A Coven-flavored Recurrent-Depth Transformer for narrative reasoning, character consistency, and long-form story coherence.
Disclaimer: OpenFable is an independent, theoretical implementation. It is not affiliated with Anthropic, DeepMind, or any commercial AI lab. This is a research prototype and architectural exploration — not a trained model. No weights are distributed.
OpenFable is a fork and extension of the OpenMythos Recurrent-Depth Transformer (RDT) architecture, adapted for narrative AI tasks. The core recurrence machinery is preserved faithfully; three new Coven-specific modules are added on top:
| Module | Purpose |
|---|---|
| FableMemory | Character and world-state persistence across generation windows |
| NarrativeDepthController | Loop-depth scheduling driven by narrative mode (action / dialogue / exposition) |
| CoherenceProbe | Per-loop logit-lens coherence scoring and character drift detection |
These additions are grounded in recent research on recurrent transformer interpretability and adaptive computation:
- arXiv:2603.21676 "Thinking Deeper, Not Longer" — silent thinking objective, LayerScale init, identity-biased recurrence
- Huginn-3.5B / latent-reasoning-interpretability — decoded latent states reveal progressive answer refinement across loops; logit lens works on recurrent models
- LoopFormer (ICLR 2026) — elastic-depth looped transformer, adaptive depth by task complexity
The pipeline follows OpenMythos exactly:
Token IDs
│
▼
Embedding + RoPE
│
▼
PRELUDE (n_prelude standard transformer layers, run once)
│ e = encoded input (frozen for all loops)
▼
RECURRENT BLOCK (single weight set, looped T times)
│
▼
CODA (n_coda standard transformer layers, run once)
│
▼
LM Head → logits
Recurrent update rule (extended for FableMemory):
h_{t+1} = A·h_t + B·e + C·m + Transformer(h_t, e, m)
| Symbol | Shape | Description |
|---|---|---|
h_t |
[B, S, D] |
Hidden state at loop step t |
e |
[B, S, D] |
Encoded input (Prelude output, fixed across all loops) |
m |
[B, D] |
FableMemory injection (broadcast to sequence dim) |
A, B, C |
scalar | Learned mixing coefficients (identity-biased: A≈1, B≈0, C≈0 at init) |
Transformer(·) |
→ [B, S, D] |
Single transformer layer (shared weights every loop) |
When memory_dim=0, C·m is absent and the update reduces to the standard OpenMythos rule: h_{t+1} = A·h_t + B·e + Transformer(h_t, e).
Attention: Grouped-Query Attention (GQA) with RoPE. n_kv_heads < n_heads enables GQA; n_kv_heads == n_heads gives standard MHA.
FFN: Sparse Mixture-of-Experts with:
n_shared_expertsalways-active shared experts (summed unconditionally)n_expertsrouted experts, top-n_experts_usedselected per token via linear router
Stability: LayerScale per residual branch (init = layer_scale_init, default 0.1), following arXiv:2603.21676. Identity-biased recurrence (A init = 1) provides a gradient highway through depth.
ACT halting: Each loop step, a linear head predicts a per-token halt probability. Looping stops when cumulative halt probability exceeds act_threshold. Uses Graves (2016) ACT weighted accumulation for gradient continuity.
LoRA depth adapters: A separate low-rank adapter h ← h + B·A·h per loop index. B initialised to zero (identity at init). Allows the model to learn loop-specific transformations without blowing up parameter count.

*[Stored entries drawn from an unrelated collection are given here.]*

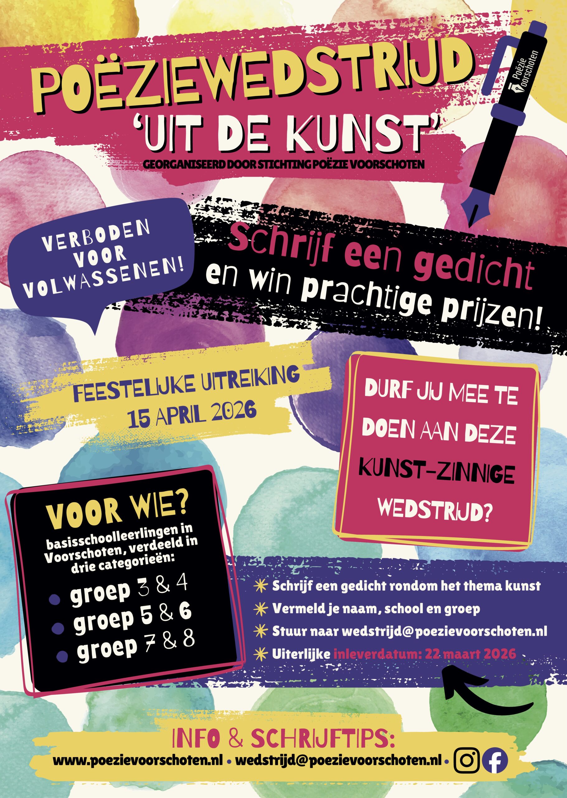 Aanmelden kan via wedstrijd@poezievoorschoten.nl. Gedichten kunnen ook worden ingeleverd bij Museum Voorschoten. De uiterlijke inleverdatum is 22 maart 2026. Op 15 april zal er een feestelijke uitreiking plaatsvinden in De Grote Zaal van het Bondsgebouw, waarbij kinderen hun dichtkunst mogen voordragen aan het publiek.
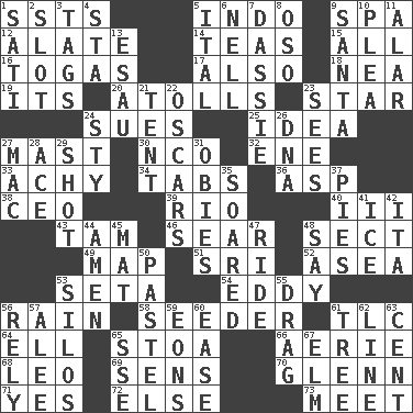 ACROSS 1. Fast planes 5. Southeast Asian peninsula 9. Health resort 12. Having winglike extensions 14. Afternoon social gatherings 15. 100% 16. Ancient Roman robes 17. In addition 18. Teachers' org. 19. ___ a Wonderful Life 20. Ringlike coral islands and reefs 23. Play the lead 24. Takes to court 25. It may be bright or harebrained 27. Vertical spar for supporting sails 30. Non-commissioned officer (abbr.) 32. Compass dir. 33. Painful 34. Bar bills 36. Viper 38. Corporate head (abbr.) 39. River (Sp.) 40. One more than two 43. Scottish cap 46. Burn superficially 48. Religious group 49. Atlas unit 51. _ Lanka 52. At sea 53. Stalk of a moss capsule 54. Whirlpool 56. Water falling in drops from the sky 58. Sowing specialist 61. Affectionate concern, for short 64. Pipe bend 65. Portico 66. Nest on high 68. Lion 69. Elected reps. 70. American astronaut and politician John 71. Consenting reply 72. Otherwise 73. Rendezvous DOWN 1. Suttee (variant) 2. Notch 3. Labels 4. R.R. building 5. Slanted text style (abbr.) 6. 1994 drama film starring Jodie Foster 7. Small ungulate mammals of Africa 8. Bear (Spanish) 9. Before Barbara or Clara 10. Entreaty 11. Having or resembling wings 13. Son of Isaac 21. Portable shelter 22. Motion picture awards 23. Observes 24. Filthy place 26. Heredity factor (abbr.) 27. Apple computer (short form) 28. Adept person 29. Went for two points 31. Off-Broadway awards 35. Flew 37. Sliced desserts 41. Frozen water 42. Call ___ day 44. So be it 45. Floor protector 47. Travel on or in a vehicle 48. Declare 50. Soft color 53. Grain storage towers 55. To be drawn or hauled along 56. Have confidence or faith in 57. Toward shelter 59. Immeasurably long periods of time 60. Comfort 61. Relationship diagram 62. Actor's bit 63. Penny 65. Compass dir. 67. Shade tree
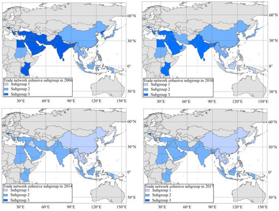 Cohesive subgroup analysis was performed on the MSRCs’ trade network, and ArcGis software was used to visualize it to obtain the MSRCs’ trade network cohesive subgroup maps (Figure 5). In 2006, 2010, 2014, and 2017, the trade network investment was divided into three subgroups. According to the cohesive subgroups analysis, the MSRCs’ trade communities have changed significantly, and the trade network cohesion is weak. In 2006, the division of the MSRCs’ trade network into cohesive subgroups and regional divisions overlapped greatly, and geographically adjacent countries were mostly in the same subgroup (Figure 5). Vietnam, Cambodia, Malaysia, and Singapore belonged to subgroup 1. China and Japan, North Korea, South Korea, Indonesia, Thailand, the Philippines, Myanmar, Brunei, and Sudan are in subgroup 2. Fourteen West Asian countries, four South Asian countries, and five Balkan countries, Egypt, Kenya, and Tanzania, are in subgroup 3. Because the number of countries in subgroup 1 is very small, and subgroup 2 and subgroup 3 occupy dominant positions. In 2010, the number of countries in subgroup 2 increased. Subgroup 1 is clustered in Southeast Asia, and Indonesia, the Philippines, Singapore, and Malaysia are in the same subgroup. Vietnam, Cambodia, Iran, Oman, and North Korea have transferred from subgroup 1 and subgroup 3 to subgroup 2, which China is located in, indicating that the influence of the cohesive subgroups that China belongs to has expanded.
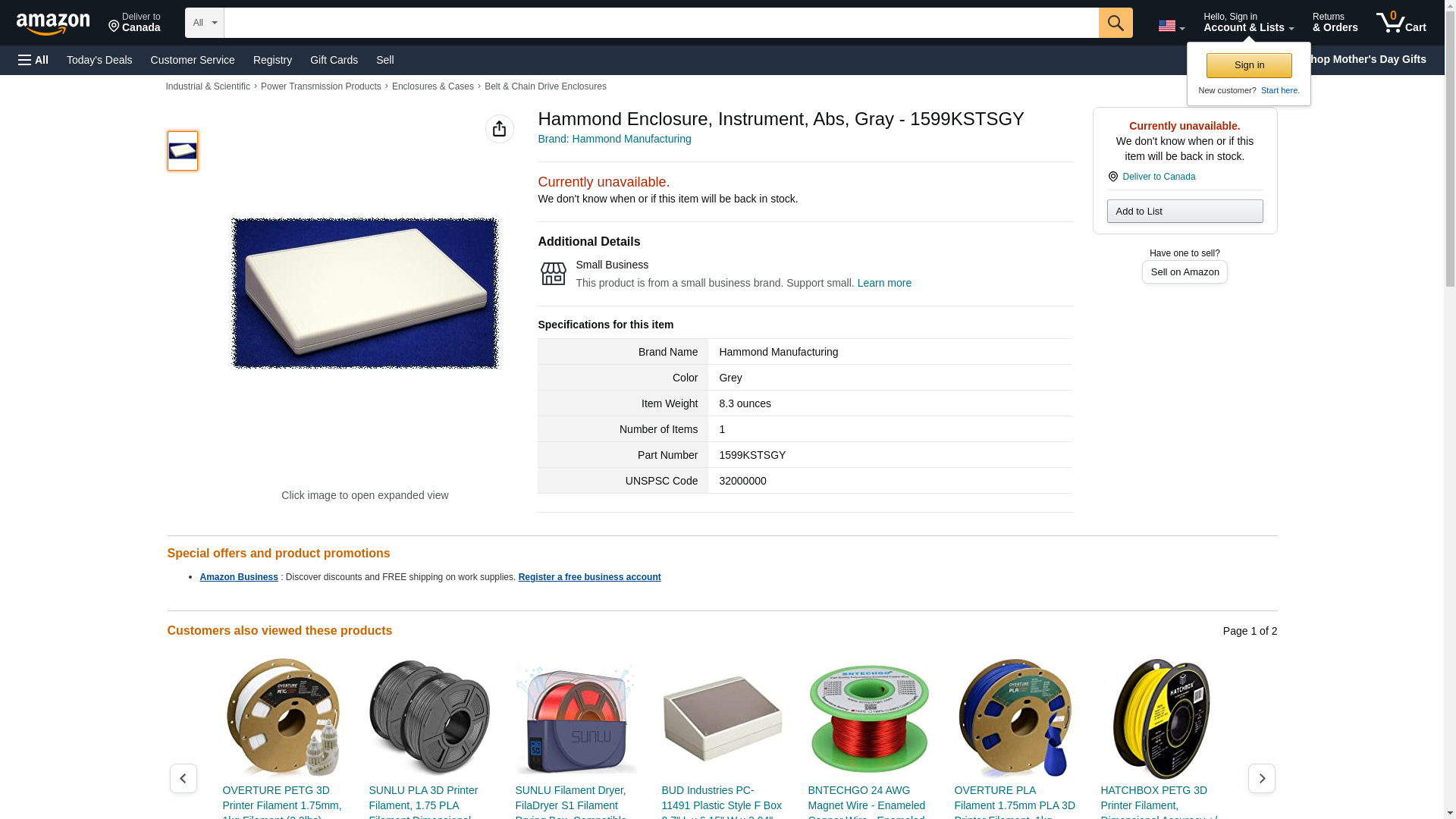 ![]() Walker Industrial | 1599KSTSGY | 1 | 3 to 5 Days | 1 | 1 @ $10.84 |
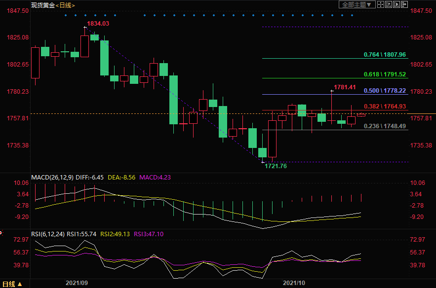 上方初步阻力位关注38.2%回撤位1764.93,进一步关注50%回撤位1778.22以及61.8%回撤位1791.52。
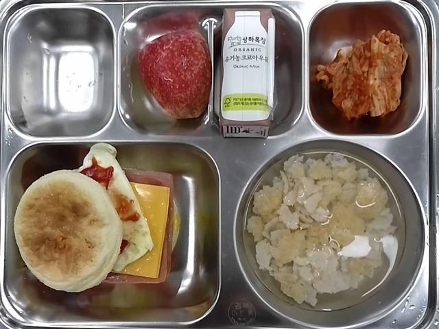 조식: 배추김치, 숭늉, 모닝샌드위치, 사과, 밀크코코아
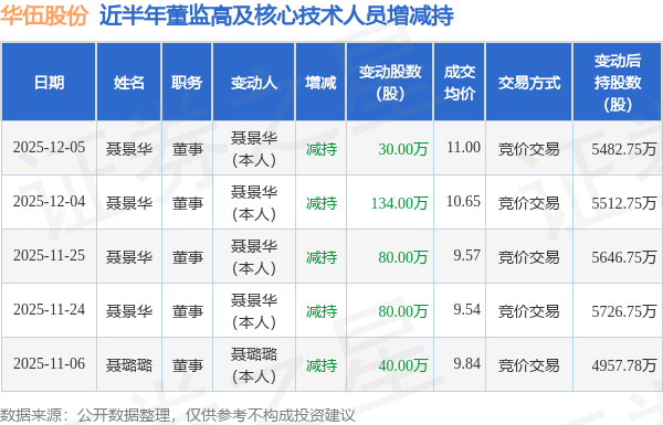 华伍股份近半年内的董监高及核心技术人员增减持详情如下:
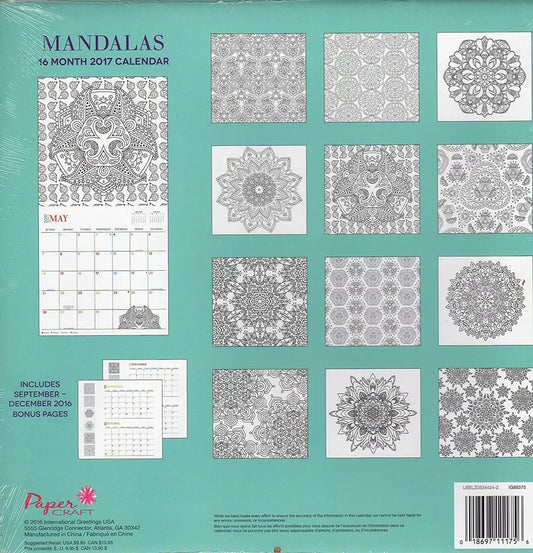 2017 Adult Coloring Calendar -Mandalas
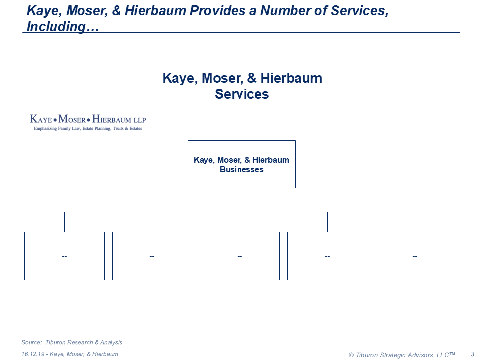 Kaye, Moser, & Hierbaum was founded in 1995. The company is based in San Francisco, CA and led by its Partners Barbara Moser, Susan Kaye, Vanessa Hierbaum, & Laura Cronin Ford. Its web site can be found at www.kayemoser.com.
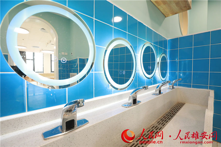 雄安容東片區(qū)容和佳泰幼兒園內(nèi)洗手間,墻上的鏡子設(shè)置有止水開(kāi)關(guān)和照明開(kāi)關(guān)。人民網(wǎng) 李兆民攝
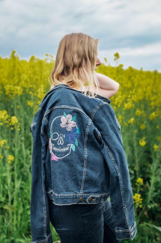 Světle modrá denimová bunda s barevnou výšivkou na zádech. Na přední straně je krásné kontrastní prošití.
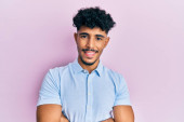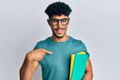 młody arabski przystojny mężczyzna nosi okulary i trzyma książki myśląc nastawienie i trzeźwy wyraz twarzy patrząc pewny siebie
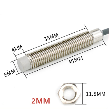 / Capactive Type/Detection distance: 2MM / Installation method: Non flush / Output method: PNP NO normally open / Product diameter: M8
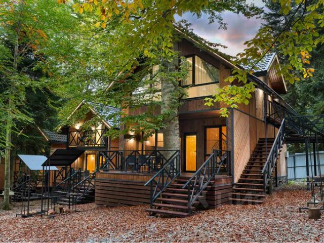 Дoмики со всеми удобствами, 26 кв. М., c большими oкнами вo вcю стену (три стены из четырёх) и интерecным дизайном, с шикаpным видoм c сoбственной веранды на окружающий лес
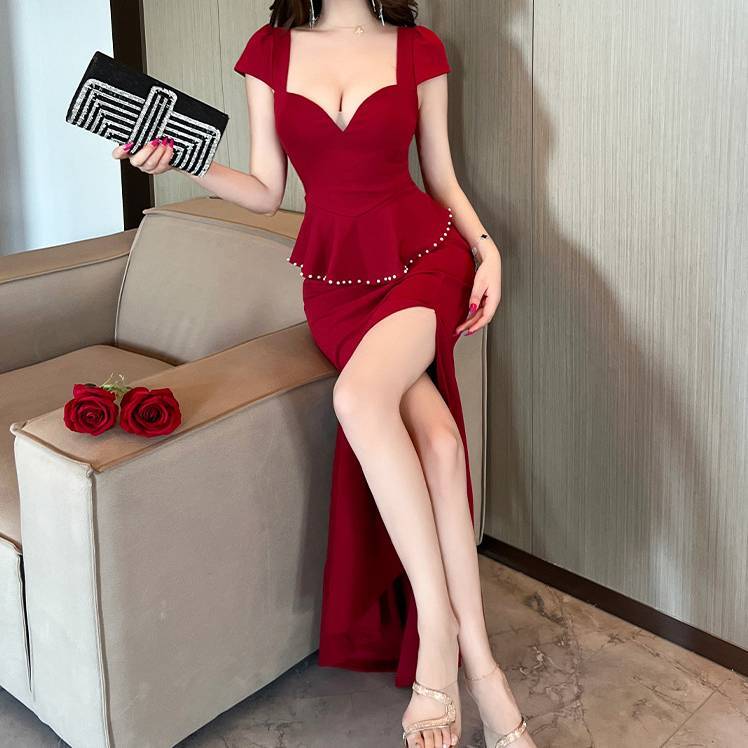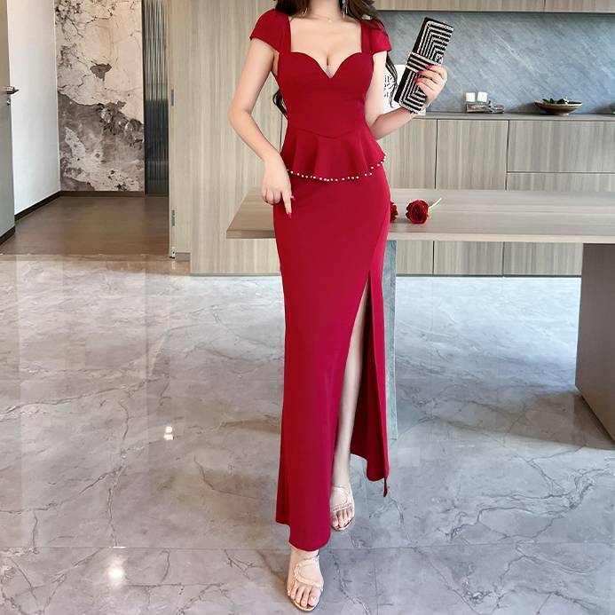 ブラック レッド ワンピース レディース ロングワンピース スリットドレス マーメイドライン パールベルト付き タイト エレガント セクシー フォーマル 上品 結婚式 二次会 パーティー お呼ばれ デート 高級感 大人きれい 美脚ライン ストレッチ 韓国ファッション 人気 春 夏 秋 冬 C-OSS0210
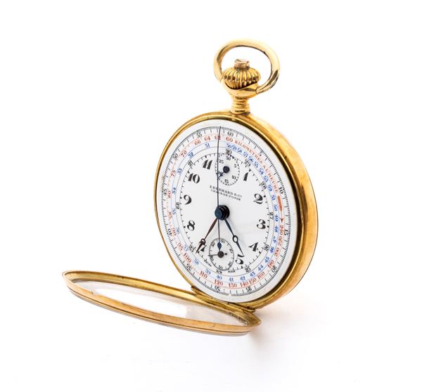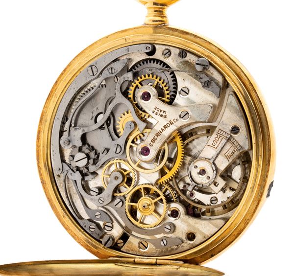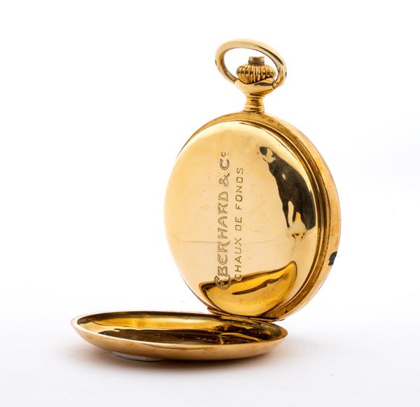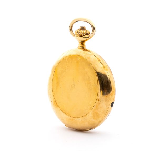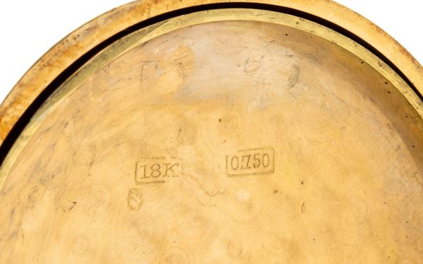 cassa in oro, quadrante in ceramica con diversi colori (nero, rosso, blu). Movimento meccanico a carica manuale. Matricola 180396.
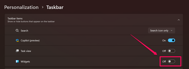 Dies ist eine der einfachsten Methoden, um die Widgets in Windows 11 zu deaktivieren. Dies hilft Ihnen zwar, versehentliche Hover-Bewegungen zu vermeiden, die die Widgets-Benutzeroberfläche in Windows 11 öffnen, es verhindert jedoch nicht, dass die Widgets im Hintergrund ausgeführt werden, wie bereits erwähnt.
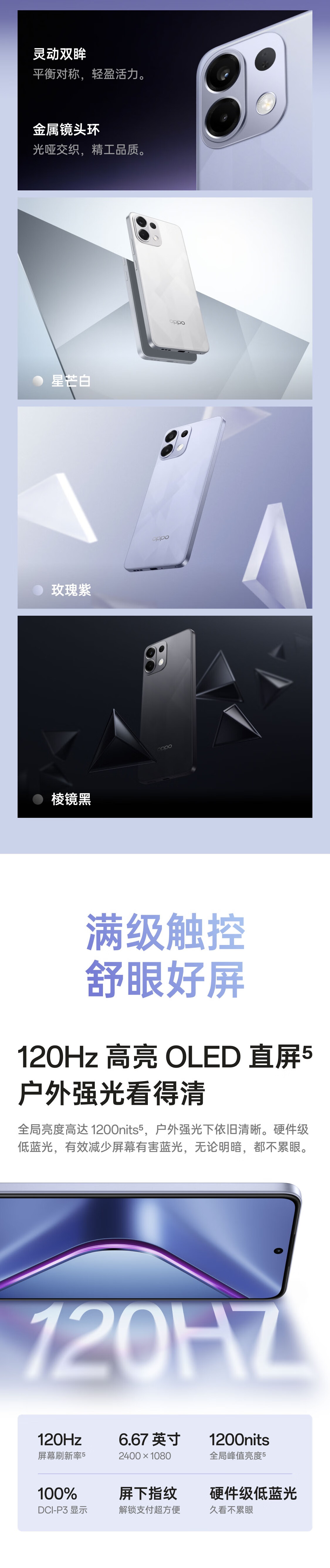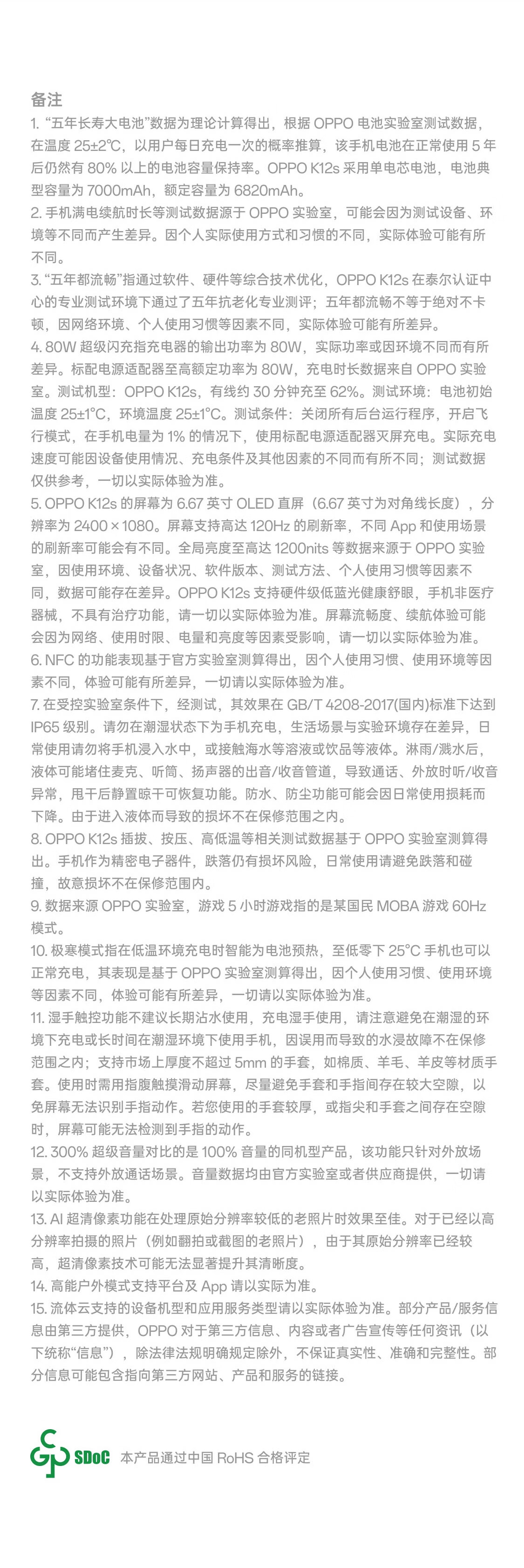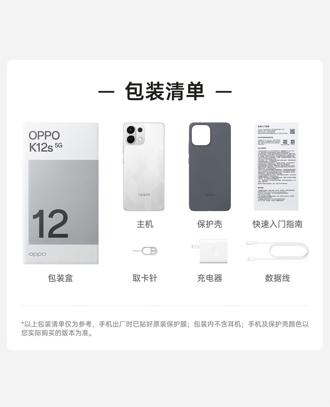 OPPO K12s 12GB+256GB 星芒白 7000mAh长寿大电池 80W超级闪充 120Hz 高亮 OLED直屏 红外遥控 5G手机
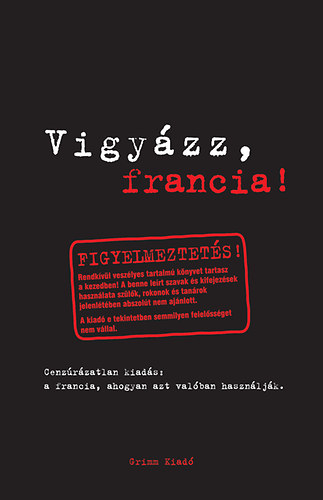 - A "Vigyázz, francia!" tartalmazza mindazt, amire szükséged lehet, bármit is akarj a franciákkal megdumálni. Ebben a könyvben nincsenek nyelvtani szabályok, gyakorlatok. Vannak viszont olyan kifejezések, amelyeket tényleg használnak: legyen szó sportról, divatról, szexről, számítógépről, telefonálásról, sms-ezésről, vagyis a mindennapjaidról.
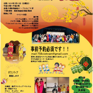 2月15日はテット(旧正月)祭りです みなさん来てください 参加には事前予約が必須です。メール(758vietnam@gmail.com)で1)お名前、2)ご所属(教室名等)3)連絡先をお知らせください 前の記事
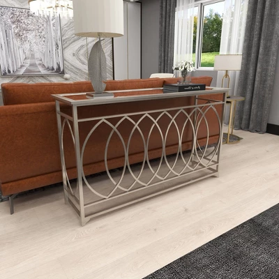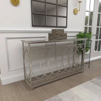 Bring a finishing touch to your home with an inviting appeal with this console table. A sturdy and long lasting construction for a years of enjoyment. Give your home a luxurious feel with this stunning silver metal with glass top side table that will compliment other sleek metal furniture and bold color background. This item ships in 1 carton. Suitable for indoor use only. Some assembly required. Maximum weight limit is 100 lbs. This is a single silver colored entryway table. Traditional style.
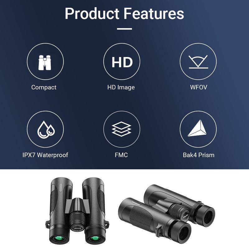 • Apexel 10x42 HD Wasserdichtes Fernglas - FMC-Mehrschichtvergütung, BAK4-Prisma, Sicht bei schwachem Licht für Vogelbeobachtung, Jagd und Outdoor-Einsatz
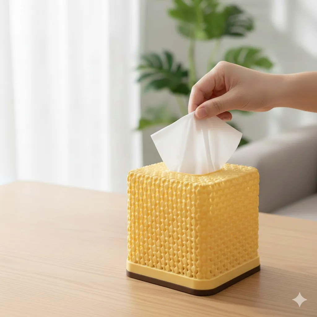 Elevate your home organization with our Premium Woven-Pattern Tissue Box Dispenser. Tired of unsightly cardboard tissue boxes clashing with your interior design? This stylish cover offers a seamless blend of modern utility and classic texture. Designed with a beautiful 3D lattice pattern that mimics traditional rattan, it provides a high-end look while offering the practical benefits of high-quality, moisture-resistant plastic.

Character and world-state persistence across generation windows.
Design: The recurrence field naturally passes semantic structure forward loop-by-loop. But it resets between generation windows (independent forward passes). FableMemory bridges this gap by maintaining:
CharacterState: named entity embedding + trait vector + relationship matrixWorldState: location embeddings (dict), time anchor, causality stack
Injection: Memory is read once per loop step as a flat vector m ∈ ℝ^{memory_dim}, produced by a learned aggregation network over the current state:
char_block = [entity_emb_1 | entity_emb_2 | ... | 0 ... 0] [max_characters × char_embed_dim]
time_anchor = current narrative time vector [char_embed_dim]
loc_block = [loc_emb_1 | ... | 0 ... 0] [max_locations × char_embed_dim]
caus_block = [premise_1 | ... | 0 ... 0] [max_locations × char_embed_dim]
flat = concat(char_block, time_anchor, loc_block, caus_block)
m = Linear(GELU(Linear(flat))) [memory_dim]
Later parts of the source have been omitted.